A self-contained export of the neural microkernel: an operating-system-style kernel wrapped around a real Mixture-of-Experts language model that treats the model as an untrusted proposer behind a trusted, deterministic disposer. One sentence:
The learned component proposes; a thin, general, trusted kernel disposes. And the load-bearing corollary: validation is a syscall — whether a generated primitive is correct, or a claimed fact is grounded, cannot be adjudicated by the same weights that produced it.

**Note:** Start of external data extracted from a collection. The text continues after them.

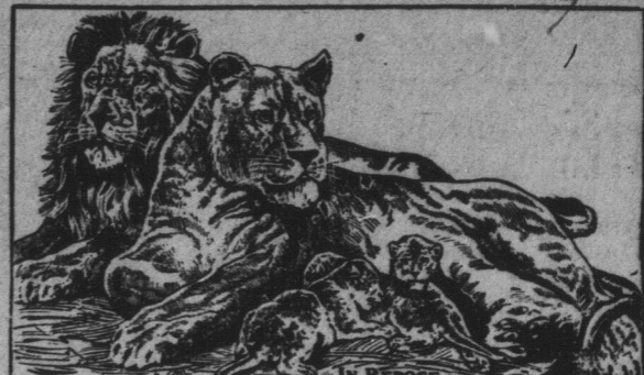
THE KING OF BEASTS AND HIS FAMILY. THE 3 BABIES BORN IN THE ABOVE PICTURE IS A BARELY SCENE WITH THIS SHOW.
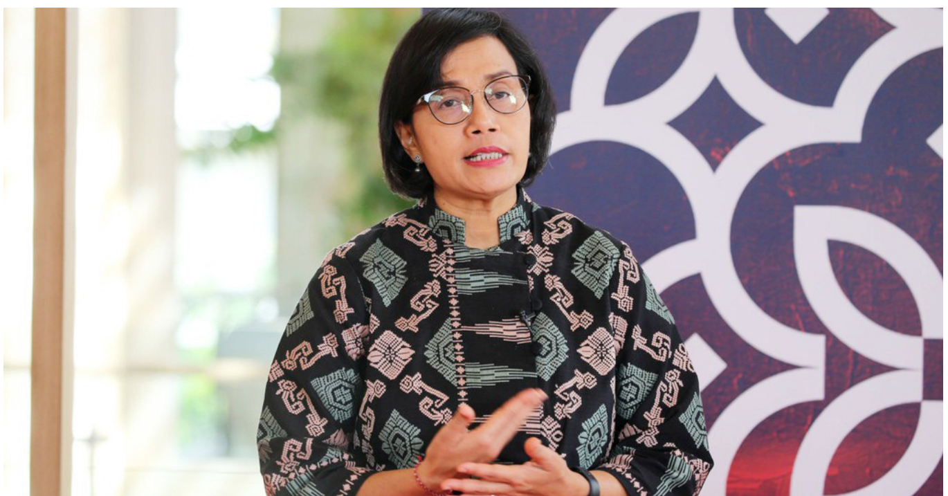
Menteri Keuangan Sri Mulyani

Satu menilai, kondisi perekonomian Indonesia tetap stabil di tengah gejolak global, namun tidak terlindung dari tekanan harga. Inflasi meningkat hingga mencapai 5,7 persen yoy pada Oktober 2022.
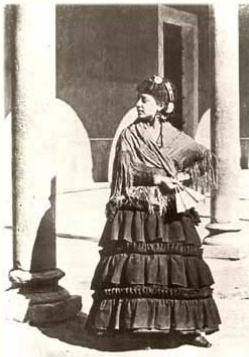
Cigarrera. J. Laurent (1865)

Nos llevaron a los talleres donde se enrollan los cigarro puros. Quinientas o seiscientas mujeres están empleadas en esta preparación. Cuando pusimos el pie en su sala, nos vimos asaltados por un huracán de ruidos: todas aquellas mujeres hablaban, cantaban y discutían todas a la vez. Jamás había oído un alboroto semejante. La mayoría eran jóvenes: y había algunas muy guapas. La sencillez extrema de su ropa y el poco cuidado con que la llevaban puesta permitía apreciar sus encantos con plena libertad. Algunas tenían con toda decisión en el ángulo de la boca un cabo de cigarro puro con el mismo aplomo que lo podría tener un oficial de húsares; otras, ¡oh musa, ven a ayudarme!, otras mascaban el tabaco lo mismo que los viejos lobos de mar. Y es que se les permite coger todo el tabaco que puedan consumir en su puesto de trabajo. Ganan de cuatro a seis reales al día. La cigarrera de Sevilla es un tipo, como lo es el de la manola de Madrid. Hay que verla, el domingo o los días de corridas de toros, con su basquiña con unos inmensos volantes como flecos, sus mangas con botones de azabache, y el puro cuyo humo aspira, y que pasa de vez en cuando a su galán.
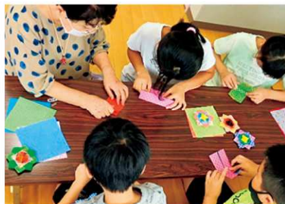
折り紙おりづるの会(牛津小学校)
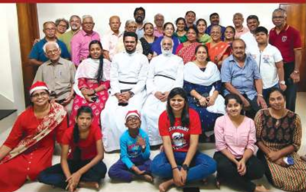
Kesavadasapuram Area Prayer Group
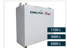
Réservoir de diesel
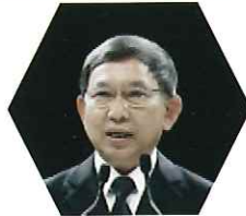
H.E. ACM Dr. Prajin Juntong Deputy Prime Minister
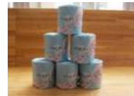
トイレットペーパー (100ロール)
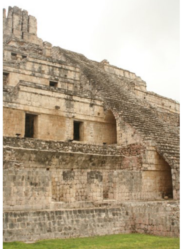
Imágenes 5 y 6: El uso de los arcos dentro de la arquitectura maya permitía dar permeabilidad a sus cuerpos geométricos, tanto como una mayor accesibilidad y circulación, así como proporcionar mayor ligereza al espacio. Arriba se aprecia un arco que penetra las escaleras en Kabah. Ruta Puuk. Abajo, el mismo sentido en Edzná.
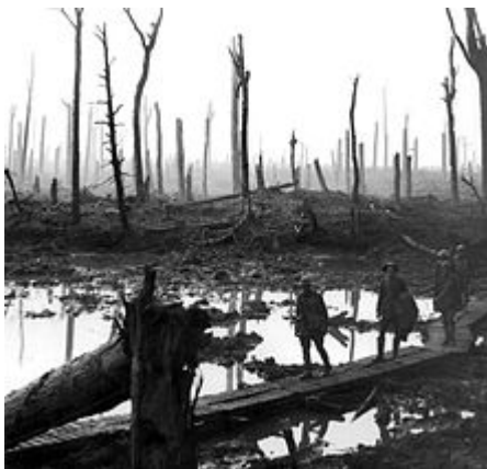
Een bos bij Ieper in 1917 na beschietingen
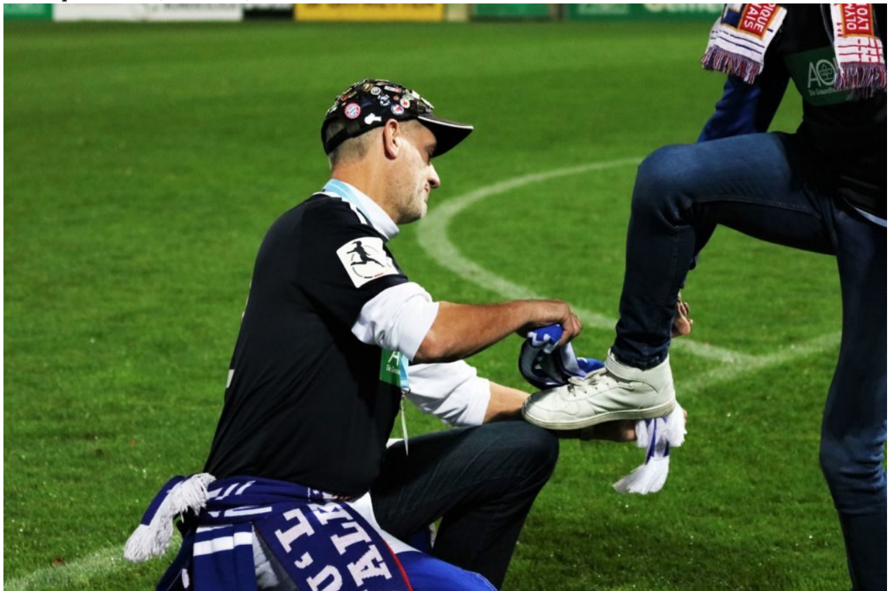
• Schuheputzen der Giganten
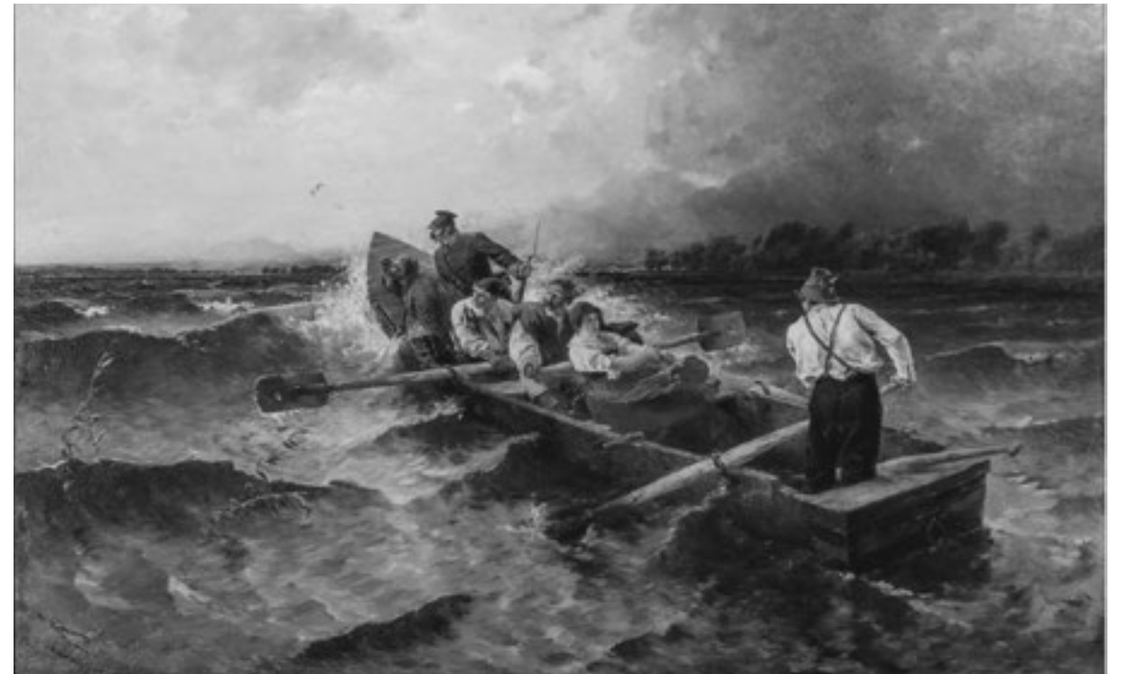
Josef Wopfner, „Verfolgung von Wilderern auf dem Chiemsee“, 1884
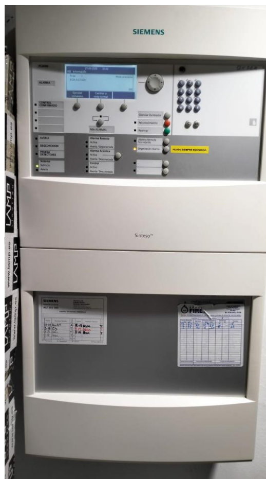
Central Siemens Sintesco
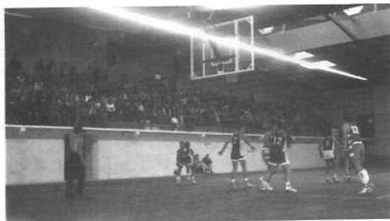
Les gradins copieusement garnis pour le derby HINX-SORT
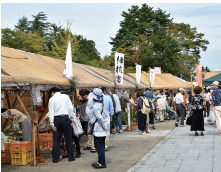
▲手作りの品が並ぶ無人販売の「棒杭市」
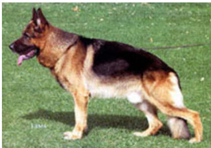
Ursus v. Batu

Un cuello "seco", sin "giogaia" y fuerte, completa la imagen ideal para una raza de trabajo con el Pastor Alemán, dinámico y al mismo tiempo bello y distinguido. En la actualidad, encuentro exagerado las proporciones de cabezas y sus consecuentes desarrollos musculares y óseos del cuello en algunos sujetos provenientes de URSUS v. Batu.
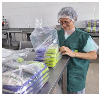
Voluntária auxiliando nas atividades de empacotamento
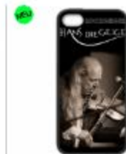
Smart-Case iPhone 5/5s/5c 19,99 €
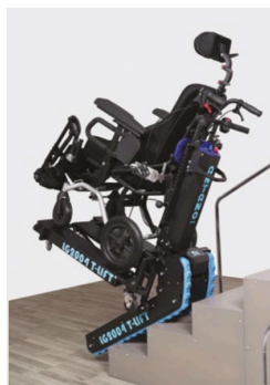
Rampes hautes pour fauteuils électriques et manuels : repose-pieds haut adapté aux petits espaces de manoeuvres

45 avenue Georges Politzer - Z.A de Trappes-Élancourt 78190 TRAPPES
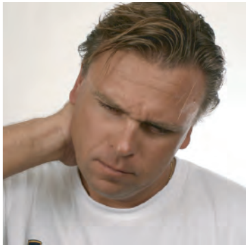
El dolor puede ser tratado.
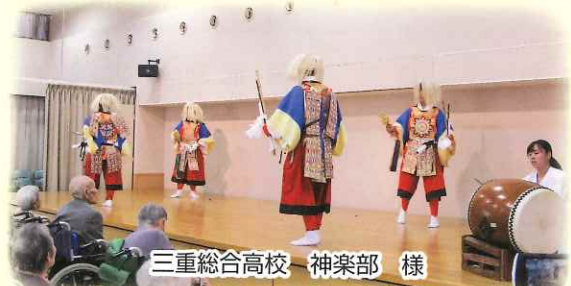
三重総合高校 神楽部 様
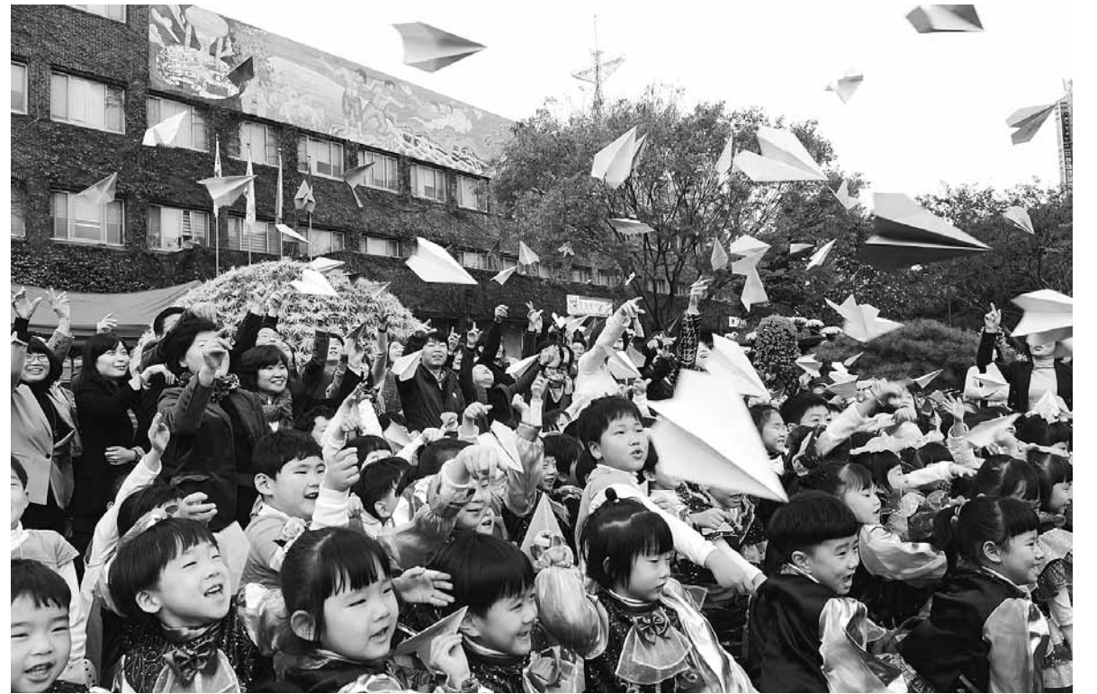
“나로호 발사 성공하세요” 6일 오전 광주 북구청 광장에서 어린이들이 한국 최초 우주발사체 나로호 3차 발사의 성공을 기원하며 종이비행기를 날리고 있다.
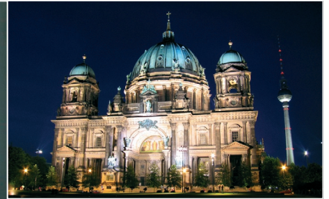
Berliner Dom, Berlin

kjører tilbake til Tyskland og Dresden. Herfra kjører vi forbi Leipzig, Halle og Magdebourg før vi ankommer Celle, en trivelig tysk småby med fine bindingsverkshus. Middag og overnatting på Intercity hotell.
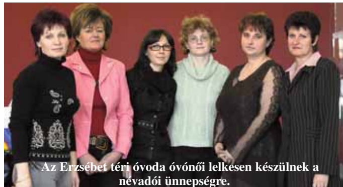
Az Erzsébet téri óvoda óvónői lelkesen készülnek a névadói ünnepségre.

Az óvoda igazgatónője levélben kereste meg Benedek Elek dédunokáját, aki meghatározó levélben köszönte meg azt, hogy a dunaszerdahelyi magyar óvodában ilymódon állítanak emléket a nagy mesemondónak. Borbély Diana szerint az új jogszabályok értelmében az óvodák maguk állítják össze nevelési programjukat. A mi óvodánk programjában nagy hangsúlyt helyezünk arra, hogy a gyerekeket megismertessük a magyar népmesék gyöngyszemeivel, köztük a Benedek Elek csodálatos meséivel, mondta az igazgatónő.
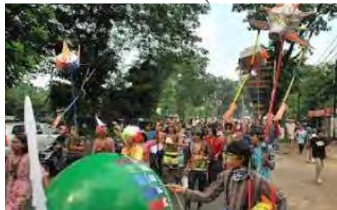
Gambar 4. 6 Helar Festival (13 Desember 2009)
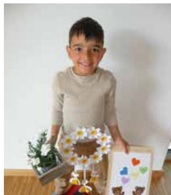
. ... Mit jedem Blümchen, das ich bring, mit jedem meiner Lieder ...
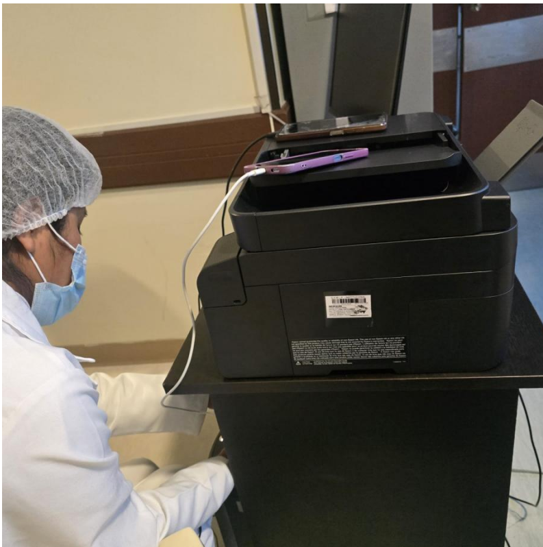
Codificación de Equipos Biomédicos 1
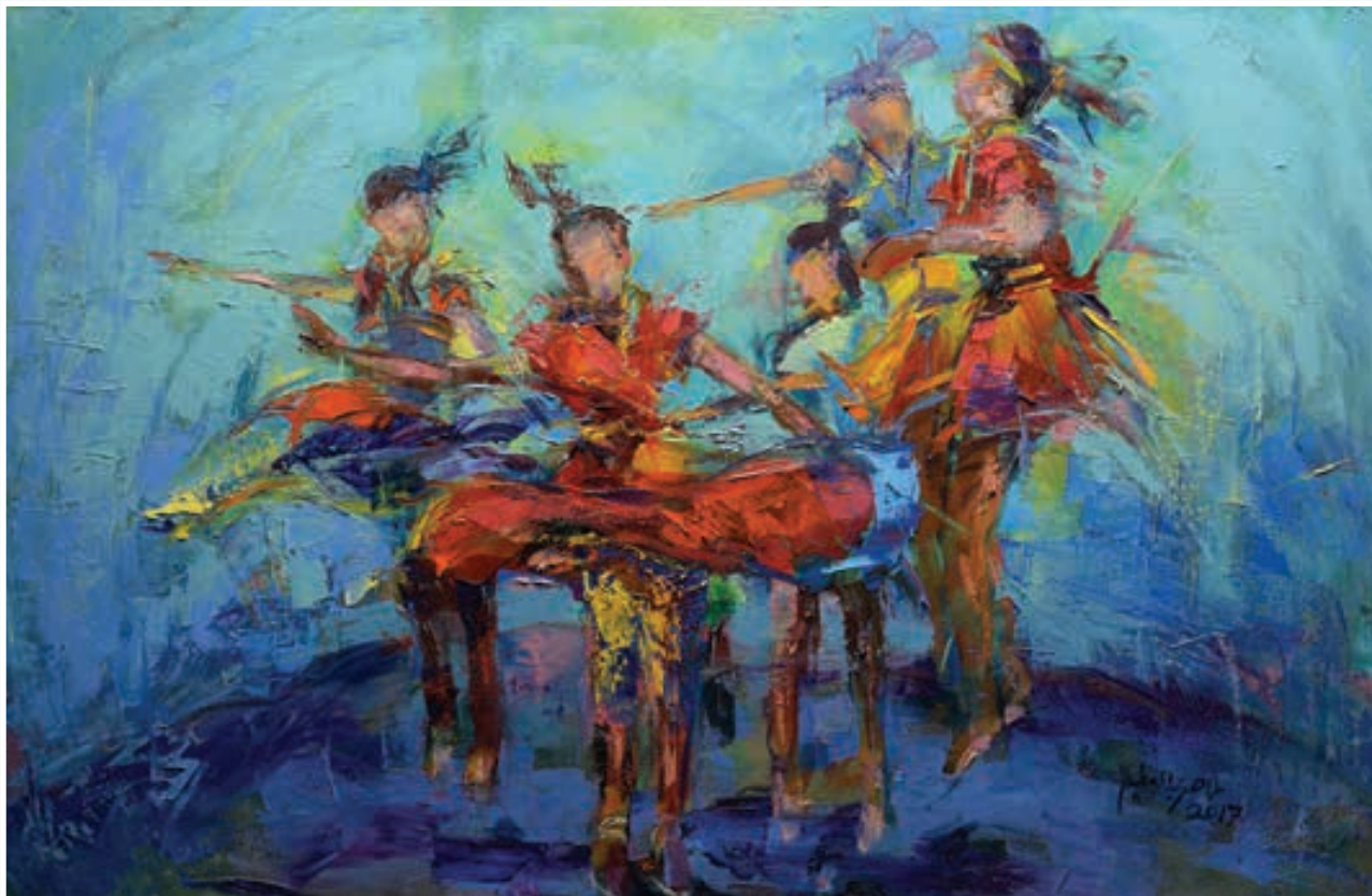
Oil painting 80 X 120
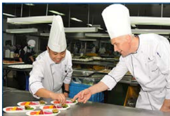
本格的な料理は高い評価を得ている
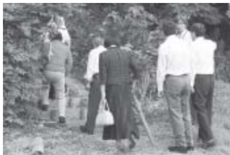
委員会で現地調査

答 5月の平日と休日に調査をしました。利用者は推計900人で、そのうち約半数は墓参の方でした。アンケート調査はしていません。
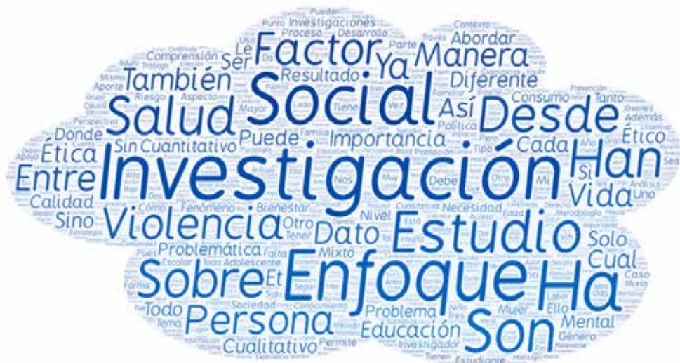
Figura 37. La acción psicosocial y la investigación

En esta nube de palabras, es preciso destacar el término “investigación”, ubicada en el centro, lo cual resalta su papel protagónico desde una perspectiva social. Esta centralidad responde claramente a su relación con diversos enfoques metodológicos —como el cualitativo y el cuantitativo—, lo que permite al estudiante comprender que la investigación no solo posee un valor técnico, sino también un sentido social profundo. En
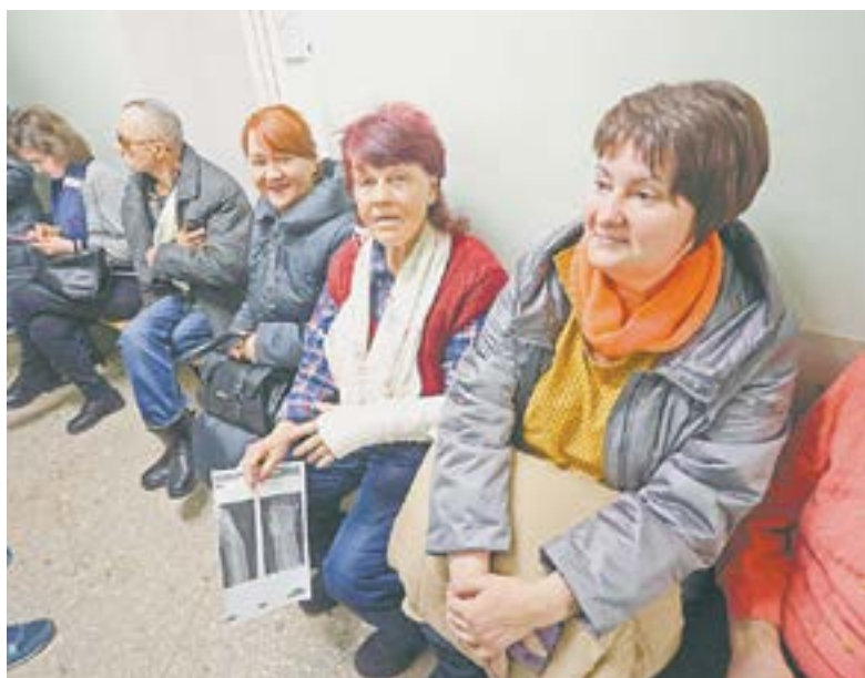
На прием в травмопункт.

– В тот день сплошной гололед был, даже на зебре. Когда свалилась, резко встать не стала, собралась с силами и как-то дошла до работы, потом вызвала мужа – и в травмопункт. Оказался перелом лучевой кости со смещением. Четыре недели буду ходить в гипсе! Потом еще руку разрабатывать. Я так надолго даже в отпуск никогда не уходила. Что теперь буду делать?левой рукой плохо орудую. Кое-как на-
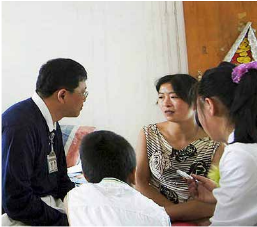
■ 傾聽許多村民說著頓失所愛的故事，給予安慰與關懷。

相互關懷。慈濟志工用心去擁抱災民，給予愛的膚慰；希望這分不斷接力傳承的愛，能持續陪伴災民，慢慢修復他們的創傷，讓他們再生出力量
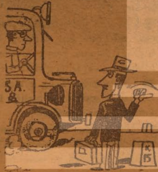
— Otomobilinize almırsınız.
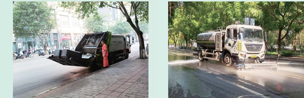
洒水车按时清运垃圾。
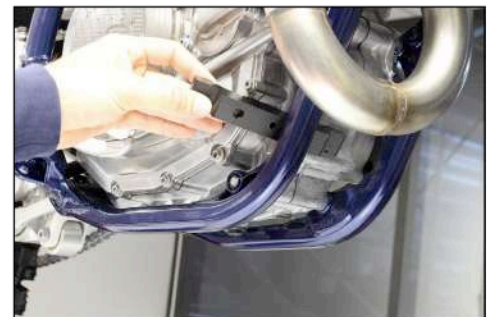
Place the front bracket by the side Placer la fixation par le côté
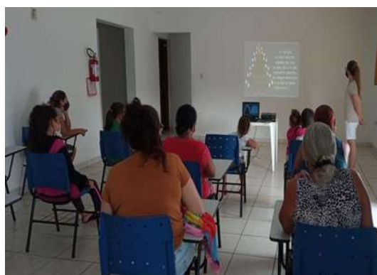
Reunião Socioeducativa 17/12/2021
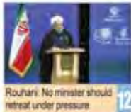
Rouhani: No minister should retreat under pressure
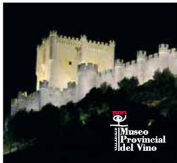
Castillo de Peñafiel. Museo del Vino Peñafiel Castle. Wine Museum

AEROPUERTO (airport) DE VALLADOLID: +34 983 415 500 ESTACIÓN DE AUTOBUSES (bus station): +34 983 236 308 ESTACIÓN DE TRENES (train station): +34 902 240 202 RADIO TAXI: +34 983 291 411 / +34 983 205 577
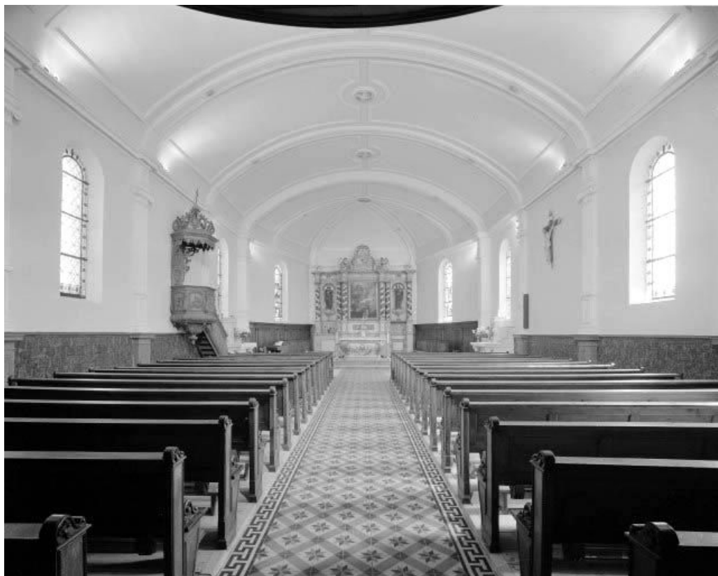
Intérieur : vue depuis l'entrée.

25, Maisons-du-Bois-Lièvre rue de l'Église, lieudit : Lièvre

It requires an independent, deterministic authority outside the model.
This bundle contains everything needed to build the kernel from scratch and run it, with two reproduction tiers: a CPU tier that runs from this zip alone (no model, no GPU, no network), and a live-model tier that reproduces the bit-exact forward-pass results on Apple Silicon.
The kernel is organized into three planes mirroring a privilege boundary:
| Plane | Role | Trust | Lives in |
|---|---|---|---|
| Neural | the model's forward pass — next-token logits, expert routing, generated text | untrusted proposer | scripts/north_adapter.py (+ forward-pass hooks) |
| Scheduler | a fail-closed task graph: admit → sequence → park → resume → validate → commit | dispatcher | scripts/kernel/task_graph.py, orchestrator.py |
| Deterministic | pure verifiable executors: parsers, validators, oracles, the hold-out gate | only plane allowed to call a result correct | scripts/kernel/holdout_gate.py, commit_trap.py, … |
Around that boundary the kernel adds:
- A fail-closed three-gate admission contract — an operation runs only if it is registered, its capability is granted, and a validator is installed. Omit any one → rejected, not run.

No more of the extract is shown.